To get more information about the formats take a look at strftime() of POSIX.pm or the manpage strftime(3).

gettime()

gettime() returns a POSIX formatted time stamp, @foo in list and $bar in scalar context. If the time format isn't set then the default format "%Y-%m-%d %H:%M:%S" will be set automatically. You can also set a time format with gettime().

    my $date_time = $lxs->gettime;

Or

    my ($date, $time) = $lxs->gettime();

Or

    my ($date, $time) = $lxs->gettime('%Y/%m/%d %H:%M:%S');

EXAMPLES ^

A very simple perl script could looks like this:

    use strict;
    use warnings;
    use Sys::Statistics::Linux;

    my $lxs = Sys::Statistics::Linux->new( cpustats => 1 );
    sleep(1);
    my $stat = $lxs->get;
    my $cpu  = $stat->cpustats->{cpu};

    print "Statistics for CpuStats (all)\n";
    print "  user      $cpu->{user}\n";
    print "  nice      $cpu->{nice}\n";
    print "  system    $cpu->{system}\n";
    print "  idle      $cpu->{idle}\n";
    print "  ioWait    $cpu->{iowait}\n";
    print "  total     $cpu->{total}\n";

Set and get a time stamp:

    use strict;
    use warnings;
    use Sys::Statistics::Linux;

    my $lxs = Sys::Statistics::Linux->new();
    $lxs->settime('%Y/%m/%d %H:%M:%S');
    print $lxs->gettime, "\n";

If you want to know how the data structure looks like you can use Data::Dumper to check it:

    use strict;
    use warnings;
    use Sys::Statistics::Linux;
    use Data::Dumper;

    my $lxs = Sys::Statistics::Linux->new( cpustats => 1 );
    sleep(1);
    my $stat = $lxs->get;

    print Dumper($stat);

How to get the top 5 processes with the highest cpu workload:

    use strict;
    use warnings;
    use Sys::Statistics::Linux;

    my $lxs = Sys::Statistics::Linux->new( processes => 1 );
    sleep(1);
    my $stat = $lxs->get;
    my @top5 = $stat->pstop( ttime => 5 );

BACKWARD COMPATIBILITY ^

The old options and keys - CpuStats, NetStats, etc - are still available but deprecated! It's not possible to access the statistics via Sys::Statistics::Linux::Compilation and it's not possible to call search() and psfind() if you use the old options.

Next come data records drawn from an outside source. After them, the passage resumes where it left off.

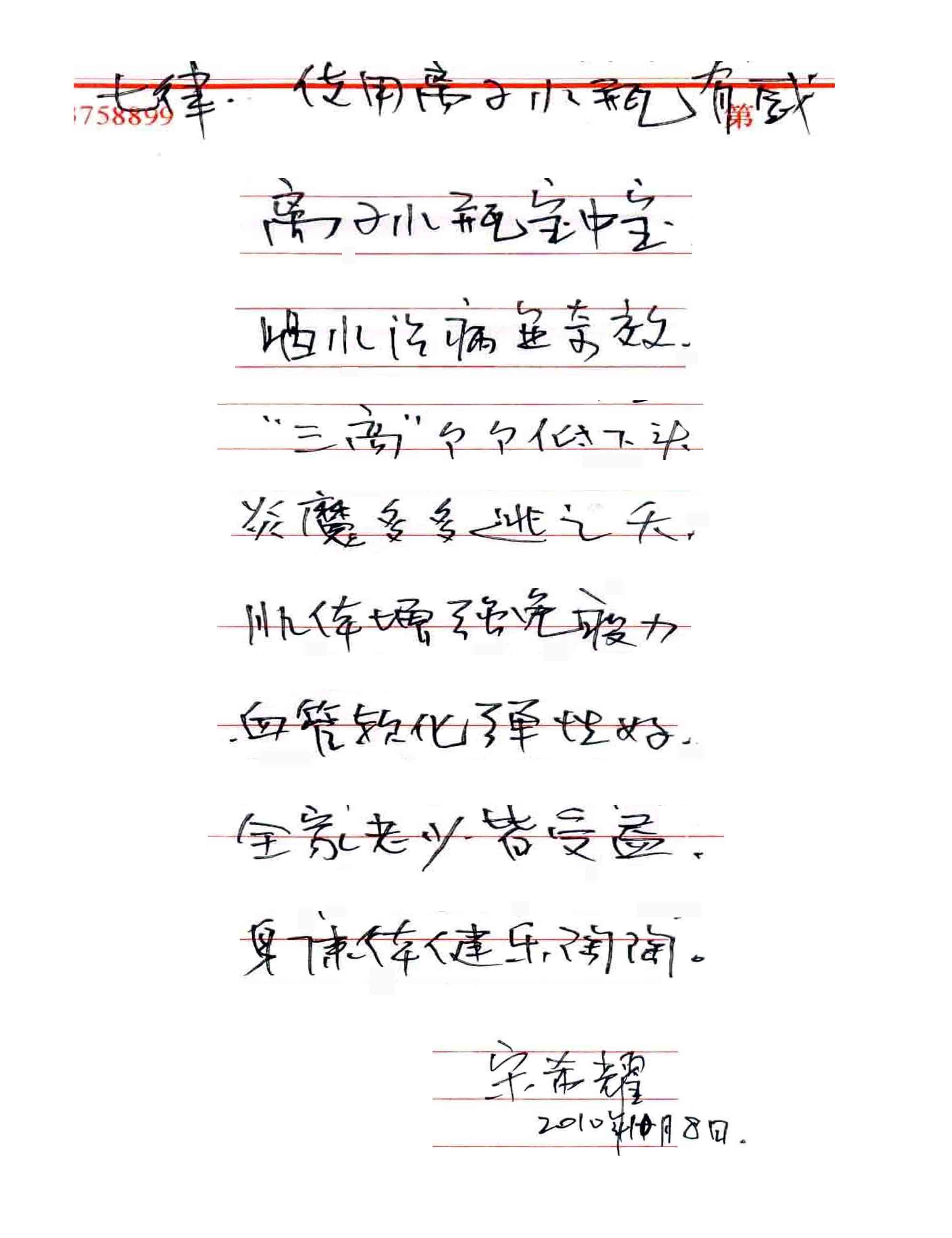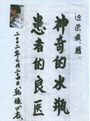 凡尊重中國(guó)古代養(yǎng)生智慧的患者,堅(jiān)持“已饑方食”和定時(shí)主動(dòng)補(bǔ)水者,均可祛病康復(fù)。如牡丹江醫(yī)學(xué)院87歲的張鵬圖飲用半年后高血壓未痊愈,陸江與他通話交流,了解他原先每日主食4兩,建議他用“已饑方食”減少主食肉食量,他理解后,將每日主食減為3兩,少吃兩塊肉,飲用一年治愈26年的冠心病和高血壓。他2003年5月31日來信說:“飲用卓康小分子團(tuán)水是根治高血壓、冠心病、糖尿病的一把金鑰匙,是填補(bǔ)醫(yī)學(xué)空白,為人類造福,應(yīng)推廣該產(chǎn)品。”
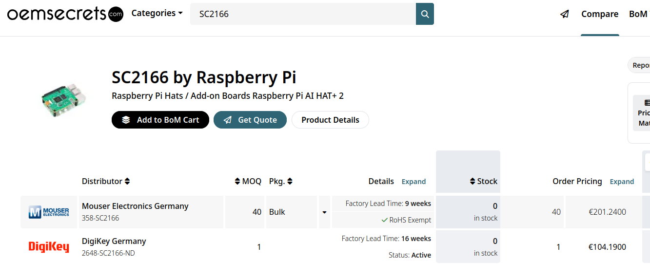 Eine OEMSecrets-Preisanalyse zeigt dann die in der Abbildung befindlichen Resultate: wie so oft gilt auch diesmal, dass die “hauseigenen Reseller” vor den klassischen Katalogdistributoren beliefert werden.
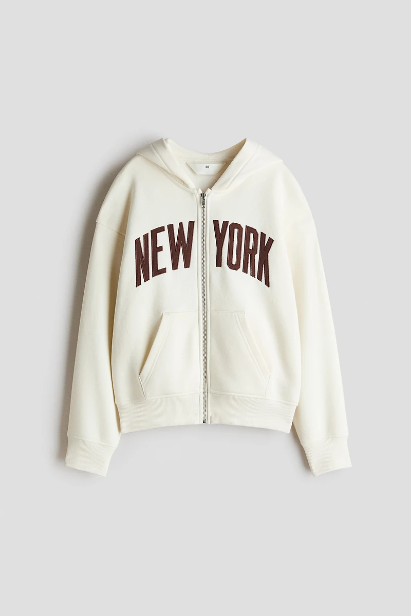 Loose-fit sweatshirt jacket with an embroidered motif at front and soft, brushed inside. Lined hood, zipper at front, and front pockets. Heavily dropped shoulders, long sleeves, and ribbing at cuffs and hem.
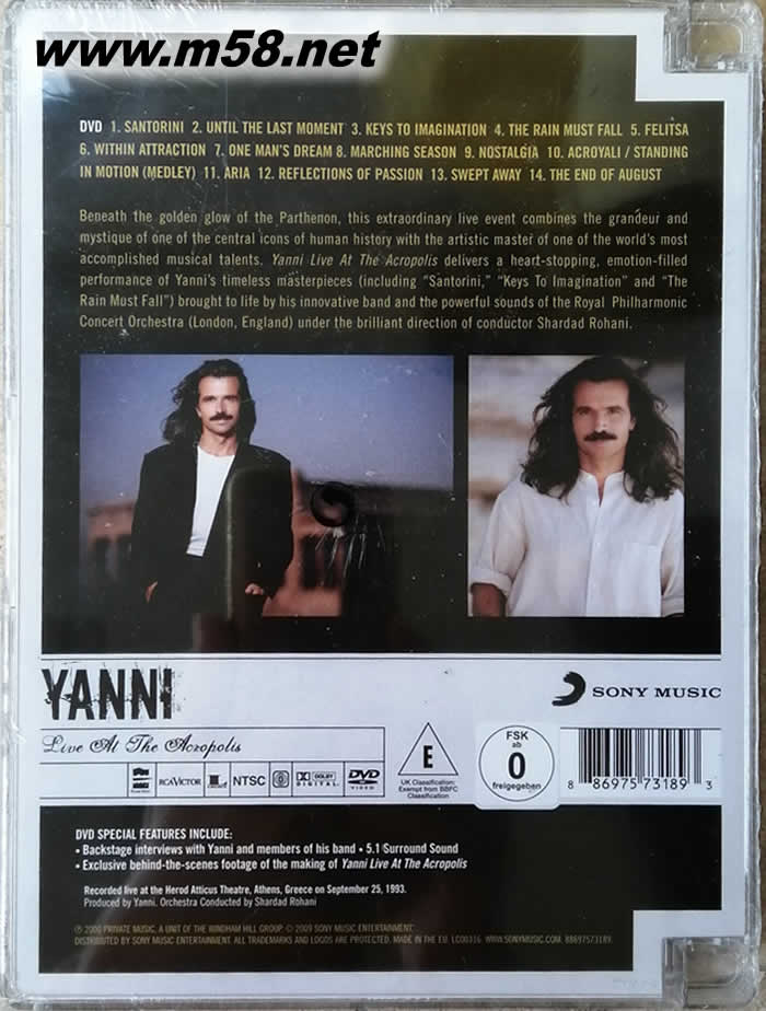 雅尼LIVE AT THE ACROLIS雅典衛城演奏會 DVD專輯背面圖片
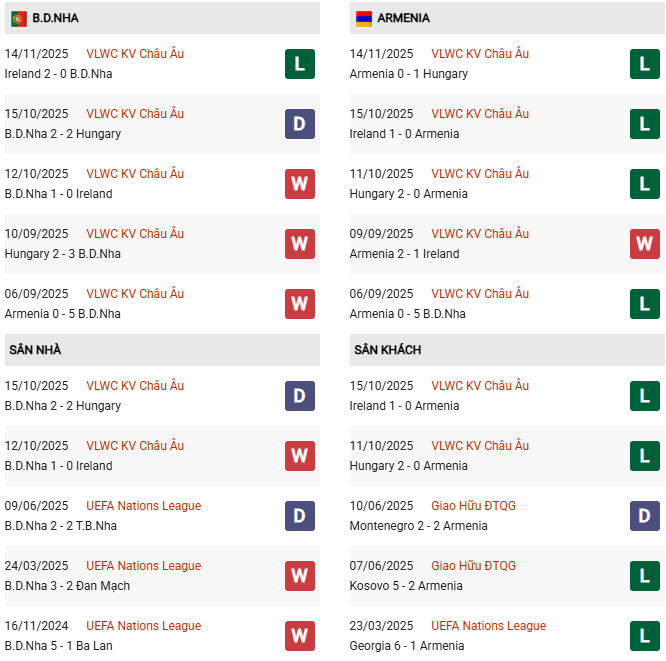Thống kê phong độ Bồ Đào Nha vs Armenia:
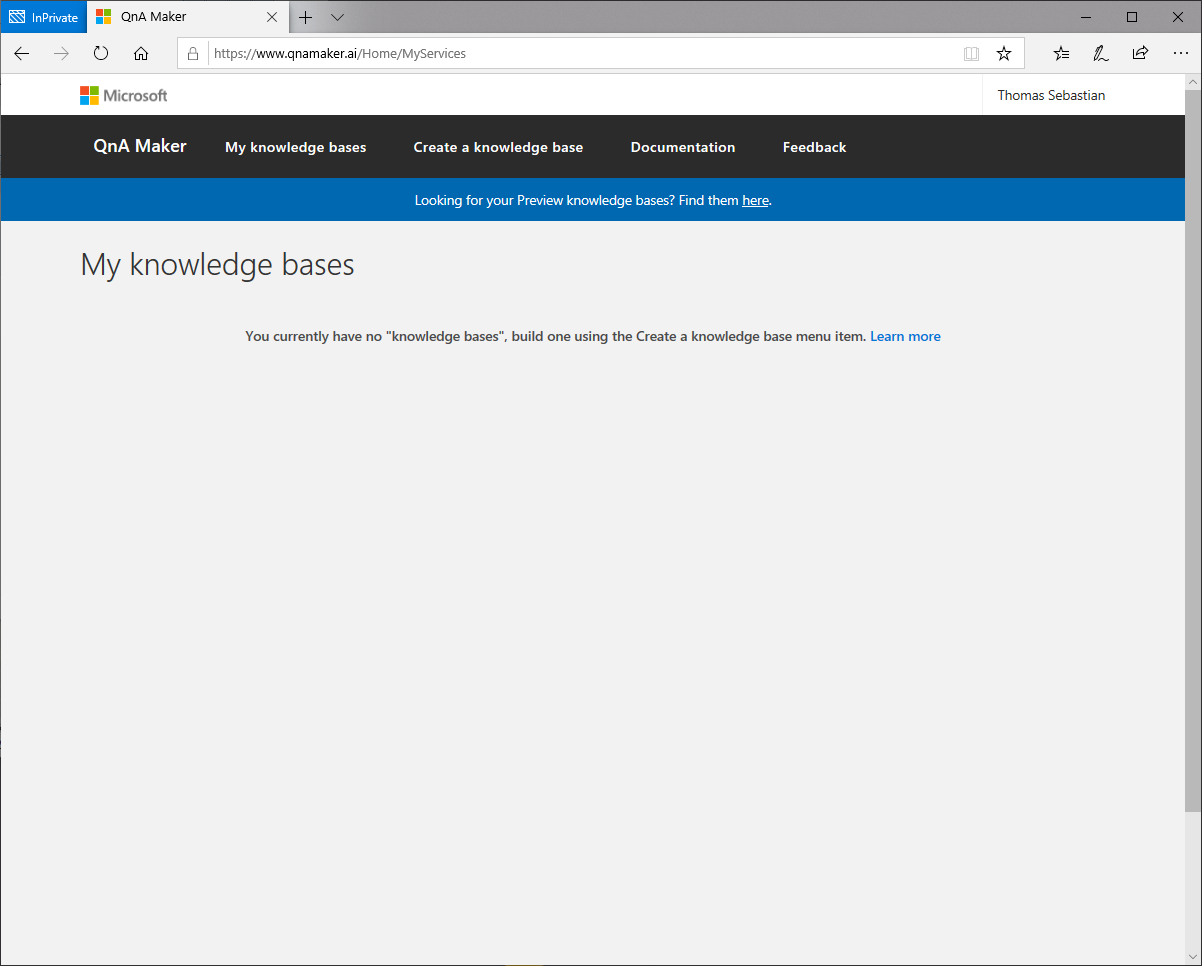 Nach der Anmeldung wird man automatisch in den Bereich My knowledge bases weitergeleitet. Da ich vorher noch nicht mit diesem Dienst gearbeitet habe, ist der Bereich derzeit leer und es wird nichts weiter angezeigt.
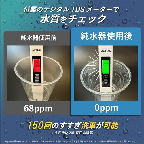 ACTIAL 純水器 イオン交換樹脂 洗車 10L TDSメーター 専用カバー付き 日本製 1年間保証付き 純水機R
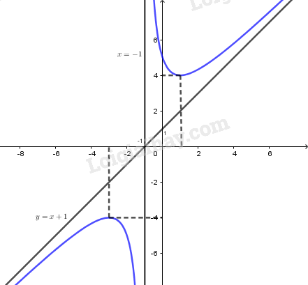 \(\mathop {\lim }\limits_{x \to  \pm \infty } \left[ {y – \left( {x + 1} \right)} \right] = \mathop {\lim }\limits_{x \to  \pm \infty } \frac{4}{{x + 1}} = 0\) nên TCX: \(y = x + 1\).
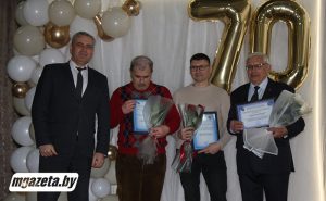 За многолетний добросовестный труд, активное участие в профсоюзной жизни предприятия Владимир Гуринович вручил Почётную грамоту — Михаилу Коледе, директору предприятия, Благодарность — Николаю Саевичу, ведущему экономисту предприятия и Благодарственное письмо — Михаилу Свиридо, слесарю МСР предприятия.
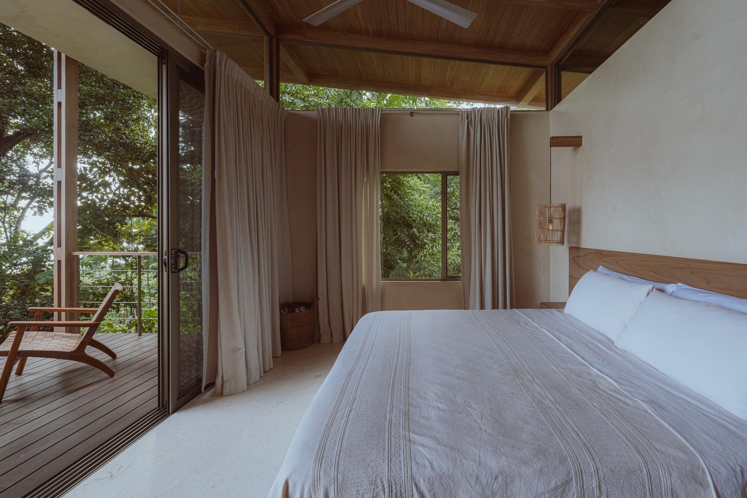 Các phòng ngủ tầng trệt mở thẳng ra hiên gỗ, nơi ánh sáng và gió len lỏi giữa tán lá. Từng món nội thất mộc như ghế đan, bàn tròn gỗ nhỏ khiến không gian thêm ấm cúng
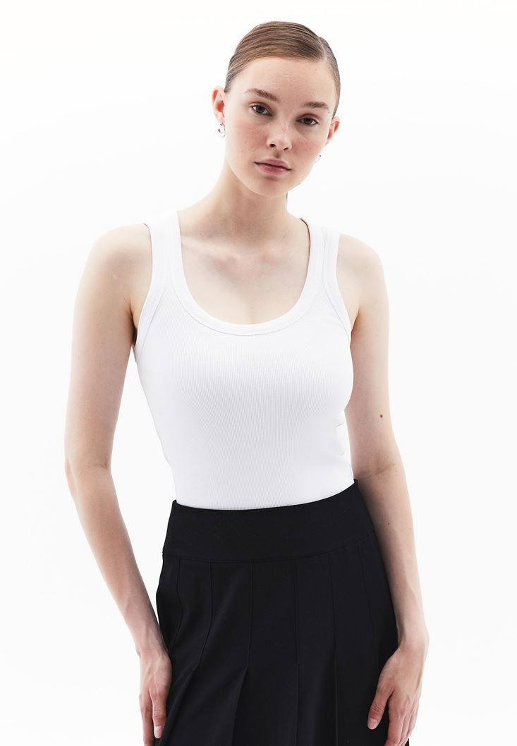 • Bayan Beyaz Pamuklu U Yaka Atlet
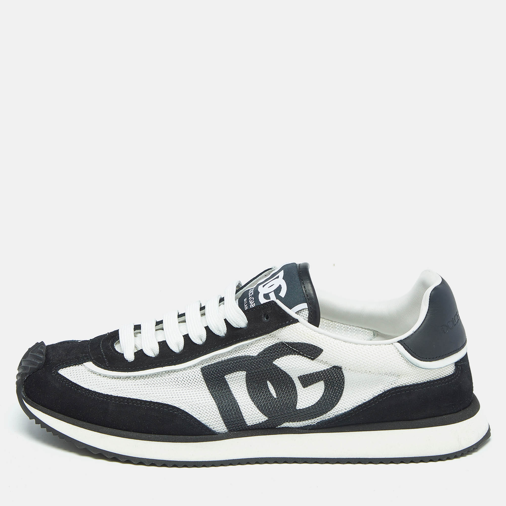 Dolce and Gabbana’s signature contrast comes through in these low top sneakers, blending black suede with white mesh and oversized DG branding. Athletic at the base, but styled with intent, they bridge sport and fashion with bold, decisive character.

You should use the new options and access the statistics over the accessors

    $stats->cpustats

or directly with

    $stats->{cpustats}

PREREQUISITES ^

    Carp
    POSIX
    Test::More
    Time::HiRes
    UNIVERSAL

EXPORTS ^

No exports.

TODOS ^

   * Are there any wishs from your side? Send me a mail!

REPORTING BUGS ^

Please report all bugs to <jschulz.cpan(at)bloonix.de>.

AUTHOR ^

Jonny Schulz <jschulz.cpan(at)bloonix.de>.

COPYRIGHT ^

Copyright (C) 2006-2008 by Jonny Schulz. All rights reserved.

This program is free software; you can redistribute it and/or modify it under the same terms as Perl itself.